- **YOUR ASSIGNMENT**
Reproduce from the records below, with no pictures, exactly the lines between the one containing "Make your little" and the one containing "Giá cà phê Arabica", inclusive.

START INPUT FOR THIS TASK

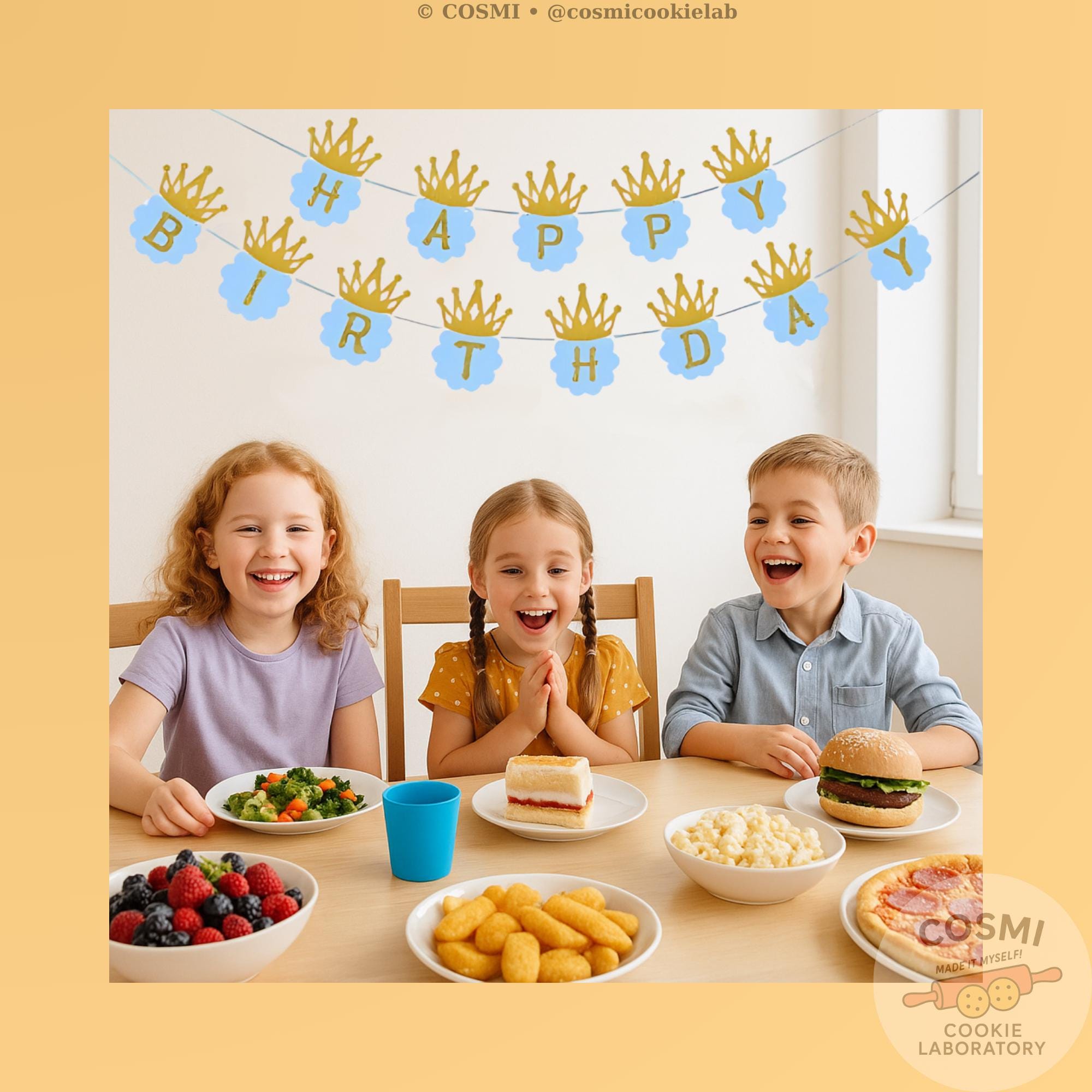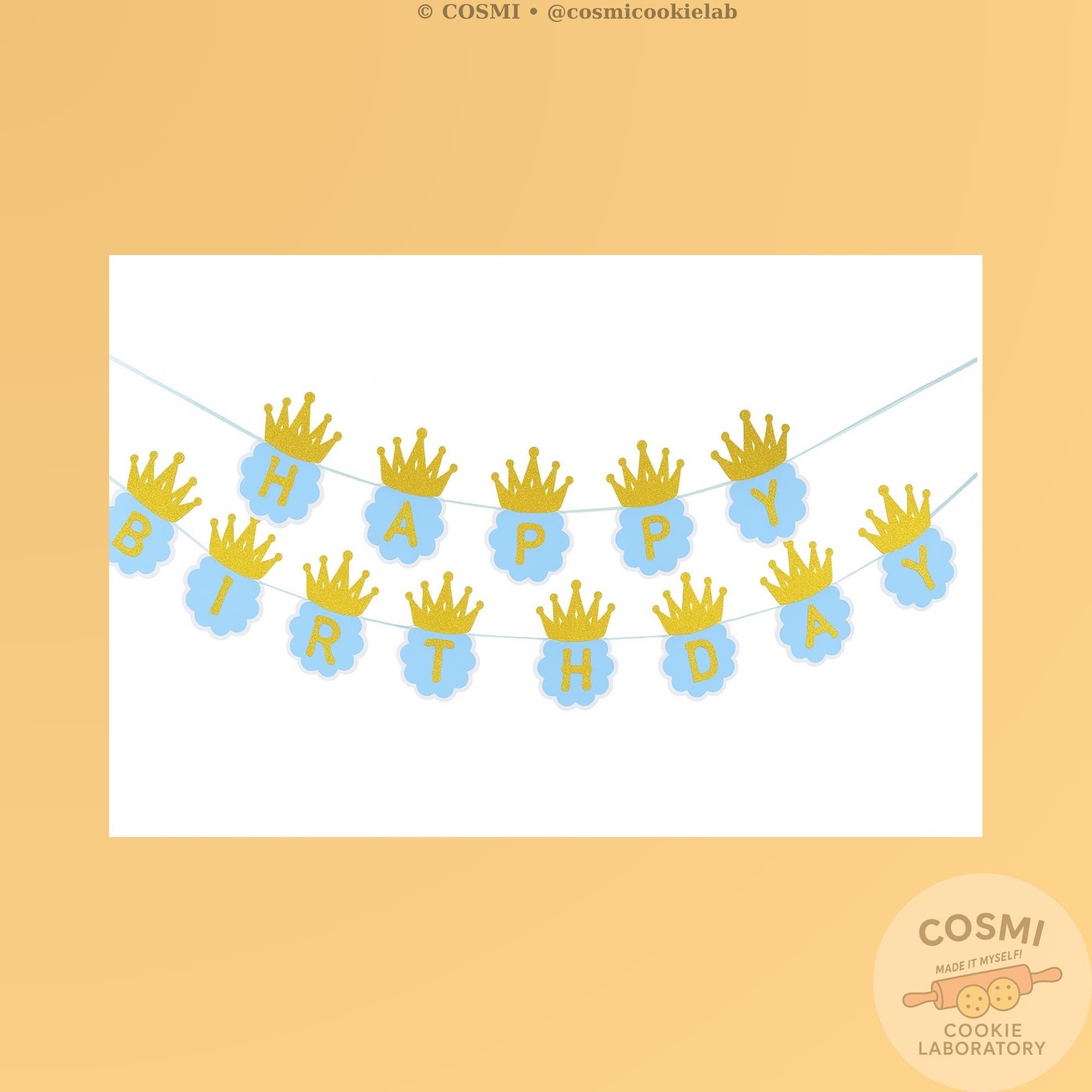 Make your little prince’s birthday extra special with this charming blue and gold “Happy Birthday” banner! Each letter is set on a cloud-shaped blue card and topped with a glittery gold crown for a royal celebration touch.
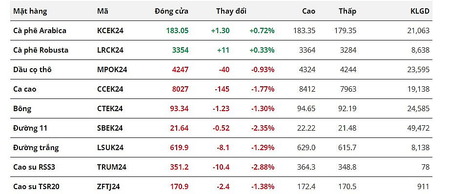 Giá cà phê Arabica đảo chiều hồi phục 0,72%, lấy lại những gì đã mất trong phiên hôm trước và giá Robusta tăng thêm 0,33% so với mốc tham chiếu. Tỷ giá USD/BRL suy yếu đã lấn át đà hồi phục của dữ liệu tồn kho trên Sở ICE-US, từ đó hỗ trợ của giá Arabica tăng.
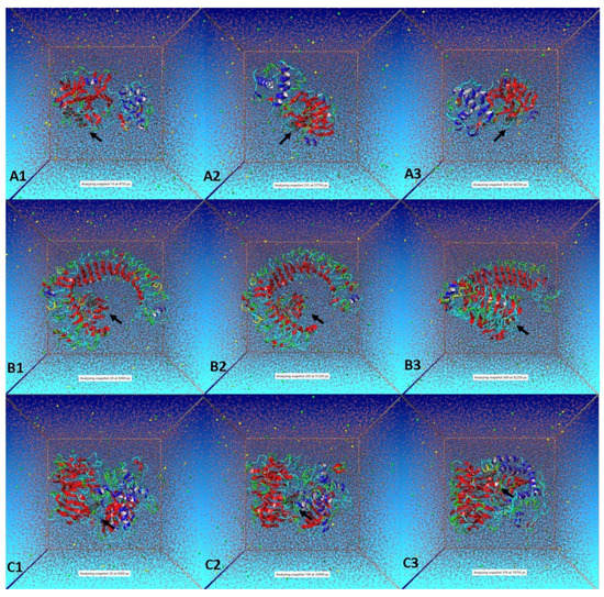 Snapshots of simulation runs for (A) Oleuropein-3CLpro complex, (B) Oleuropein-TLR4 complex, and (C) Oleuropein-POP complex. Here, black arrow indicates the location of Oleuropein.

END INPUT FOR THIS TASK
START INPUT FOR THIS TASK

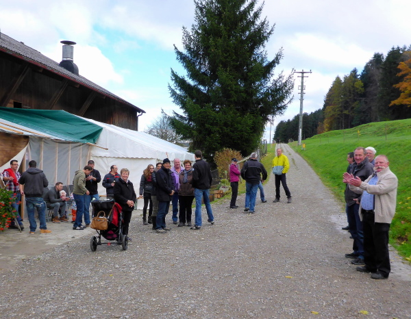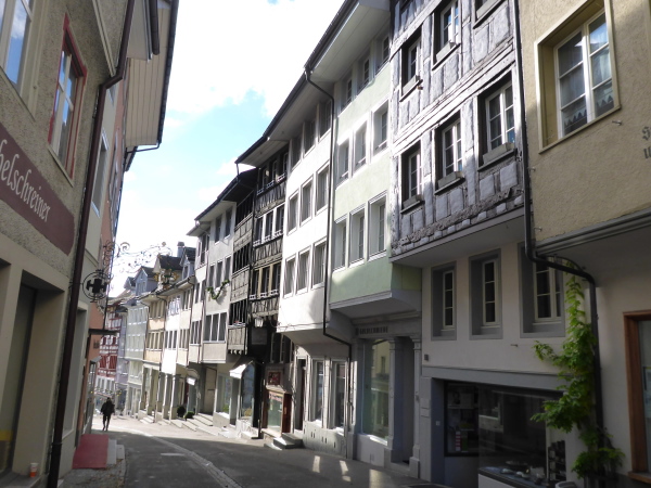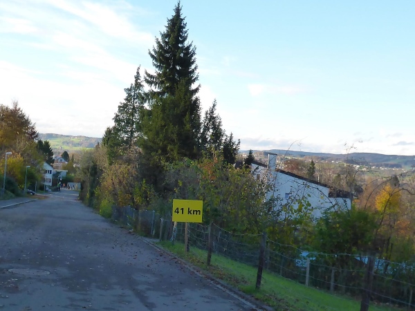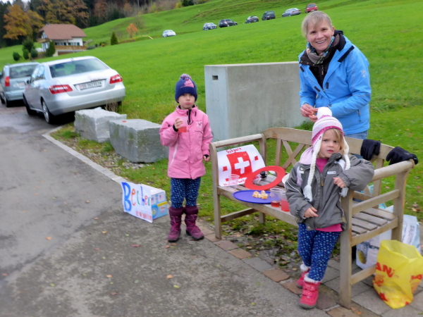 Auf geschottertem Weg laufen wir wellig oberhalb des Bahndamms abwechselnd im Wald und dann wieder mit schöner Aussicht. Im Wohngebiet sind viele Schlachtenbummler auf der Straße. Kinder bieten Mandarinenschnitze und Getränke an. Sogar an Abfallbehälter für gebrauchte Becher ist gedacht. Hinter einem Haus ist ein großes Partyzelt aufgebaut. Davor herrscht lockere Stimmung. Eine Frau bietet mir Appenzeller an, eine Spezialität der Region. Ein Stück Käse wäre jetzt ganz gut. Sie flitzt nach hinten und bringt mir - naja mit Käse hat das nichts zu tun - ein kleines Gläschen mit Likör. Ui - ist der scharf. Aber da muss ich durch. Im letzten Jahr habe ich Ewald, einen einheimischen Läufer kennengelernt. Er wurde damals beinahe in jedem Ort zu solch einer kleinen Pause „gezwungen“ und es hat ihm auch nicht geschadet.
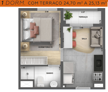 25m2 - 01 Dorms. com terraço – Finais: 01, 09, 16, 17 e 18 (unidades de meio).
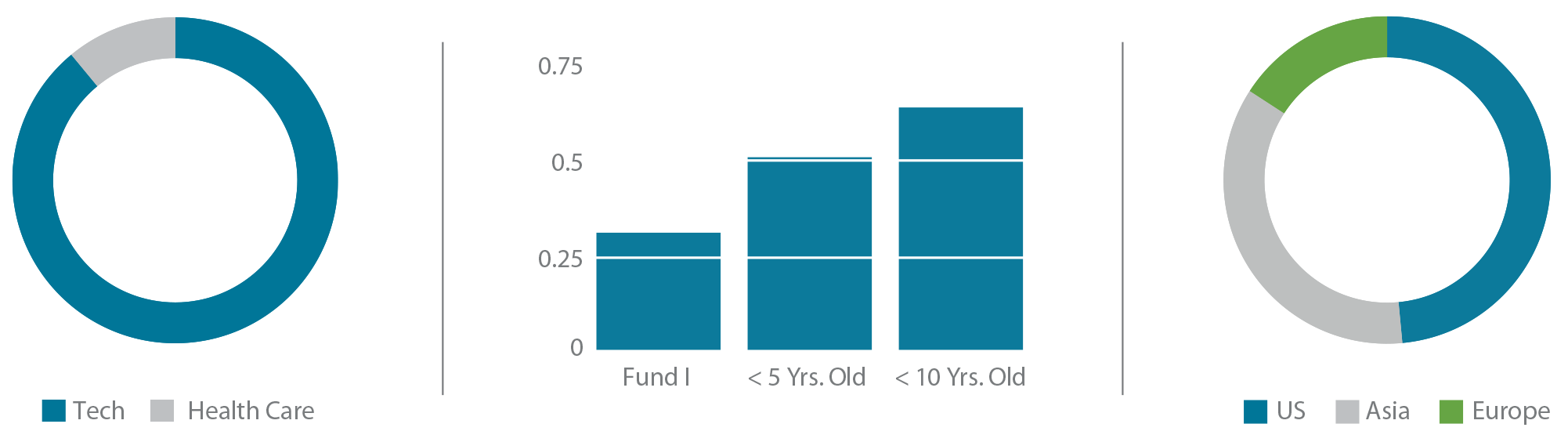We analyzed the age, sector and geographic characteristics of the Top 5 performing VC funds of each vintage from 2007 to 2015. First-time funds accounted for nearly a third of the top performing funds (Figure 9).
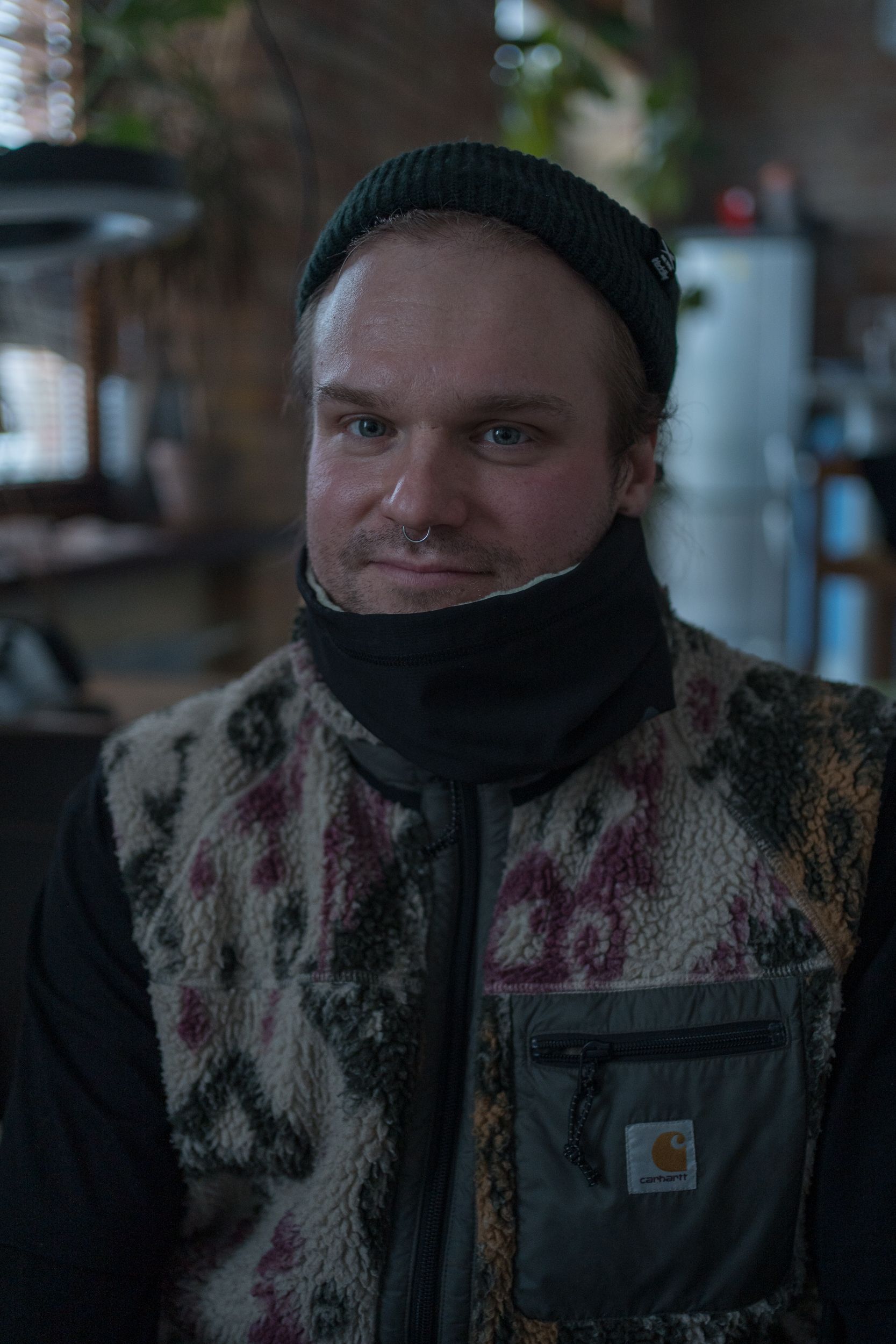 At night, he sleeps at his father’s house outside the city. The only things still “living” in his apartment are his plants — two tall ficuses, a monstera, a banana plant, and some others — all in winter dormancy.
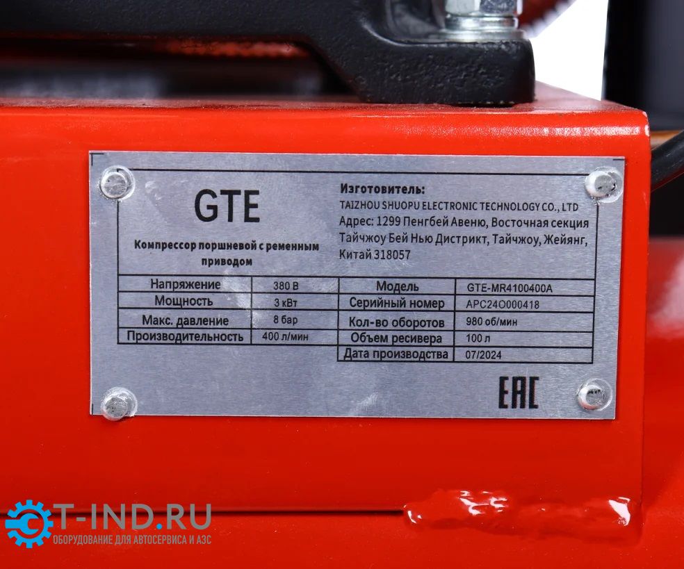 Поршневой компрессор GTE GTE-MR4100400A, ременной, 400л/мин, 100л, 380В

END INPUT FOR THIS TASK
START INPUT FOR THIS TASK

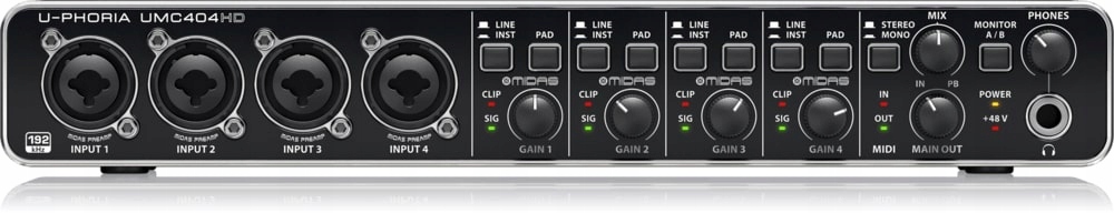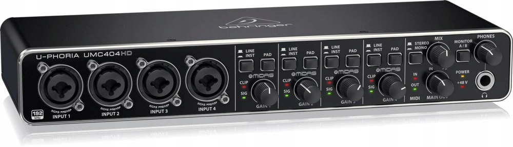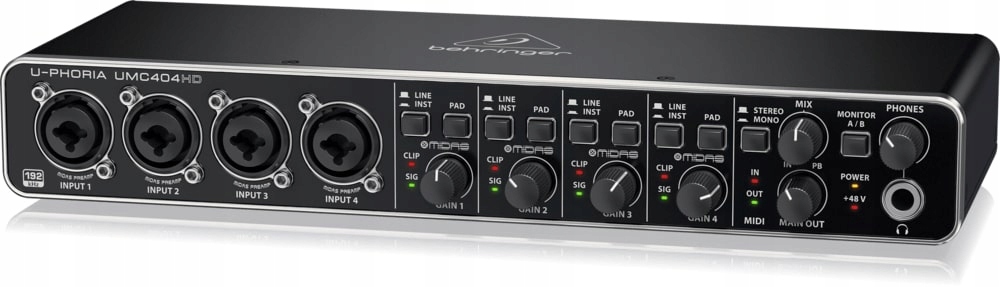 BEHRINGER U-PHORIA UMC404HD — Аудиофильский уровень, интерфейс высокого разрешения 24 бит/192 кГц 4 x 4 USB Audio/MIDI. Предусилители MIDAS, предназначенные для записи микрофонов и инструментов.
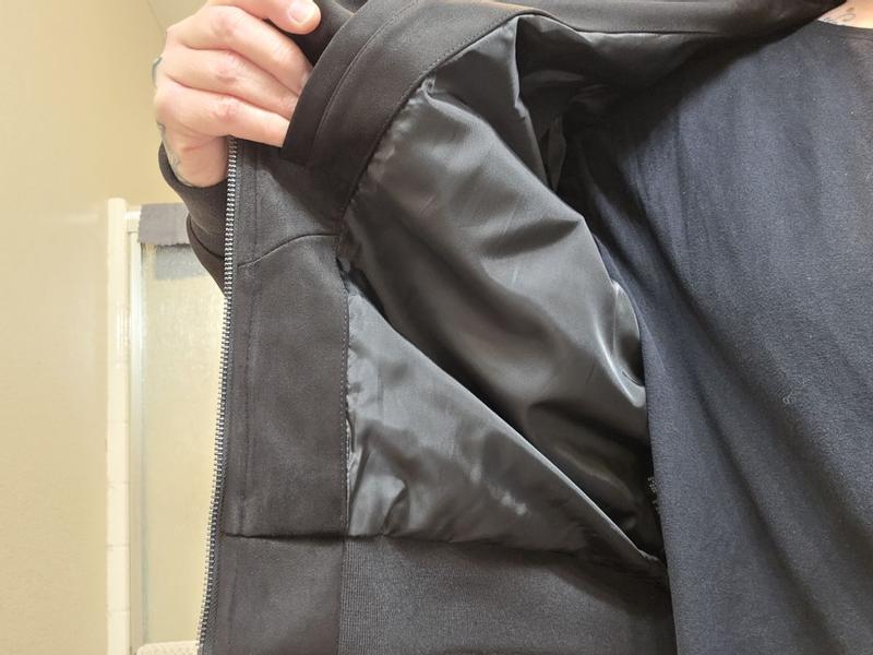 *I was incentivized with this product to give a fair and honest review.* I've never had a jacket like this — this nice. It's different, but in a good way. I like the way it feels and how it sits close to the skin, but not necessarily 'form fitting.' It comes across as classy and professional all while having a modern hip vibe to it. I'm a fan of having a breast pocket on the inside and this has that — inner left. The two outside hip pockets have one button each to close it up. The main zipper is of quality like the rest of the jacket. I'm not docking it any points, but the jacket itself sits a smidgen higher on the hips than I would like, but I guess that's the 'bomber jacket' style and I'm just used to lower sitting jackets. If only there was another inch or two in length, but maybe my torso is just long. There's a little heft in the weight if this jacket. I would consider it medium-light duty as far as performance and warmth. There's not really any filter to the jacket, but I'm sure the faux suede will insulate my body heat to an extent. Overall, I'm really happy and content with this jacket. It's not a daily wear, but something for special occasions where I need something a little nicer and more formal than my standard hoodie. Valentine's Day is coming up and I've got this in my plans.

END INPUT FOR THIS TASK

- **TASK RESULT**
 Make your little prince’s birthday extra special with this charming blue and gold “Happy Birthday” banner! Each letter is set on a cloud-shaped blue card and topped with a glittery gold crown for a royal celebration touch.
 Giá cà phê Arabica đảo chiều hồi phục 0,72%, lấy lại những gì đã mất trong phiên hôm trước và giá Robusta tăng thêm 0,33% so với mốc tham chiếu. Tỷ giá USD/BRL suy yếu đã lấn át đà hồi phục của dữ liệu tồn kho trên Sở ICE-US, từ đó hỗ trợ của giá Arabica tăng.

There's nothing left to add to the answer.